No, this isn’t the Arc de Triomphe in Paris. This is the Archul de Triumf in Bucharest, Romania. Built on the site of two previous arches, all to commemorate victories in battle. The first arch was quickly built of wood in 1878 so that the returning troops could have something under which to pass on their way home. The next was built of concrete in 1922, knocked down in 1935 and rebuilt again in 1936.
After an overnight aboard Romania’s Dacia Express, I arrived in Bucharest to begin a Uniworld Grand European cruise all the way to Amsterdam in 28 days. Three pre-cruise days Bucharest were filled with exploring the city and countryside. I still had some last minute writing to do in my hotel room, so I decided not to take Uniworld’s included city tour of Bucharest. I had already seen what was locally offered from walking the neighborhoods.
My alternative was to take a taxi from the Radisson Blu hotel to the Restaurantul Pescarus on picturesque Lake Herastrau for a traditional Romanian luncheon.

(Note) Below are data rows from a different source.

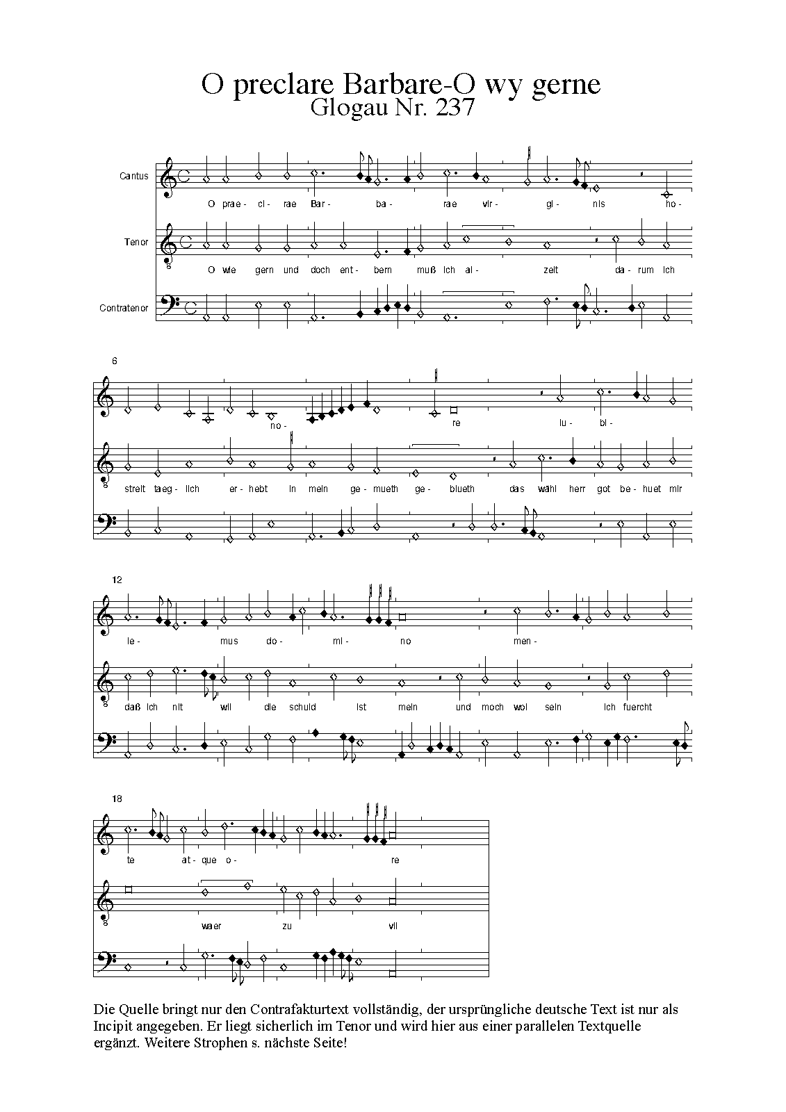 O wie gern und doch / O preclare Barbarae (Anonymous)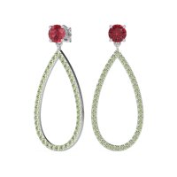 These Ruby earrings and made in Platinum with top quality Natural Ruby and Peridot gemstones. These Elegant Dangling Earrings Feature A Brilliant Round Stud At The Top, From Which Suspends A Graceful, Open Pear-shaped (or Teardrop) Outline. The Pear-shaped Frame Is Entirely Adorned With Sparkling Pave-set Gemstones, Creating A Continuous Line Of Shimmer. Free shipping, returns, and a lifetime warranty make luxury worry-free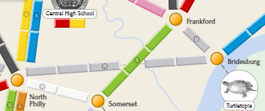 Each route on the Ticket to Ride Philly board has a small circled letter on one of its train spaces, located near the center of the route. The letter tells which mode of public transportation that route uses in real life. (Hover overTap any route in the online board for more info.)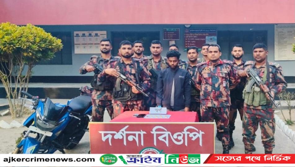 চুয়াডাঙ্গা-৬ বিজিবির পক্ষ থেকে রবিবার সন্ধ্যা সাড়ে ৬টায় এক প্রেস বিজ্ঞপ্তির মাধ্যমে গণমাধ্যম কর্মীদেরকে জানায়, দর্শনা থানার অন্তর্গত দর্শনা বিওপির আওতাধীন এলাকা দিয়ে স্বর্ণের একটি চালান পাচার করা হবে। এ সংবাদের ভিত্তিতে চুয়াডাঙ্গার দর্শনা বিওপির টহল কমান্ডার নায়েক মো. জিয়াউর রহমান সঙ্গীয় ফোর্স নিয়ে দামুড়হুদার ডুগডুগি বাজারে রাস্তার পাশে অবস্থান নেয়। বেলা ২ টার সময় সন্দেহভাজন এক ব্যক্তিকে মোটরসাইকেল যোগে ওই এলাকা দিয়ে অতিক্রম করতে দেখে তাকে গতিরোধ করতে গেলে সে পালানোর চেষ্টা কালে বিজিবির টহল দলের হাতে আটক হয়। পরে তার ব্যবহৃত মোটরসাইকেলটি তল্লাশি করে মোটরসাইকেলের হেড লাইটের কভারের মধ্যে কালো স্কচটেপ দ্বারা মোড়ানো অবস্থায় ১ কেজি ১শ৭৮ গ্রাম ওজনের ৯ টি স্বর্ণের বার উদ্ধার করে। যারা আনুমানিক মূল্য প্রায় দেড় কোটি টাকা।আটককৃত ব্যক্তি দর্শনা আজমপুরের মটরসাইকেল মিস্ত্রি রফিকুল ইসলামের কলেজ পড়ুয়া ছেলে রুহুল আমিন (২১)।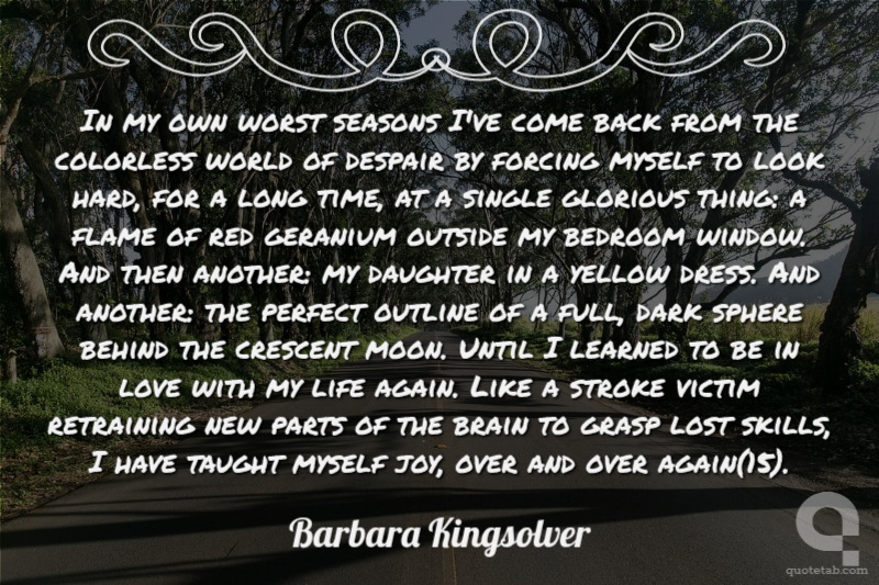 In my own worst seasons I've come back from the colorless world of despair by forcing myself to look hard, for a long time, at a single glorious thing: a flame of red geranium outside my bedroom window. And then another: my daughter in a yellow dress. And another: the perfect outline of a full, dark sphere behind the crescent moon. Until I learned to be in love with my life again. Like a stroke victim retraining new parts of the brain to grasp lost skills, I have taught myself joy, over and over again(15).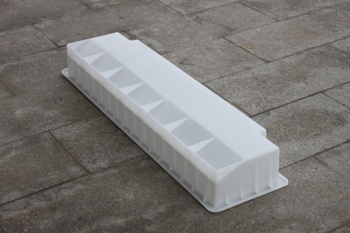 路側(cè)石模具使用純PP聚丙烯材料,以注塑工藝一次成型,主要特色為路側(cè)石外形為缺角及有一定坡度。成品整體工藝表面光滑,內(nèi)部結(jié)構(gòu)合理,水泥構(gòu)件脫模方面,在使用次數(shù)上更為耐用。主要使用在高鐵高速及市政公路道路側(cè)石的預(yù)制。

Here I would join the other passengers who were cruising with me on the Uniworld River Duchess from Bucharest to Vienna and on to Amsterdam cruise.
Romanians are extremely proud of their country and their culture. They have fought long and hard and continue to work towards a better life since the revolution a short two decades ago. Bucharest dates back to the 1400’s and it once was called the Paris of the East due in part to its ornate French-style architecture.
It was no wonder then, as my taxi driver sensed my excitement at seeing some of the historical landmarks, he drove around the Arch three times so I could get the clearest view. Lunch be damned. He drove in the opposite direction, meter off, to point out the inconspicuous American Embassy, beautiful tree-lined boulevards and the Romanian Airmen Heroes Memorial statue built in 1935.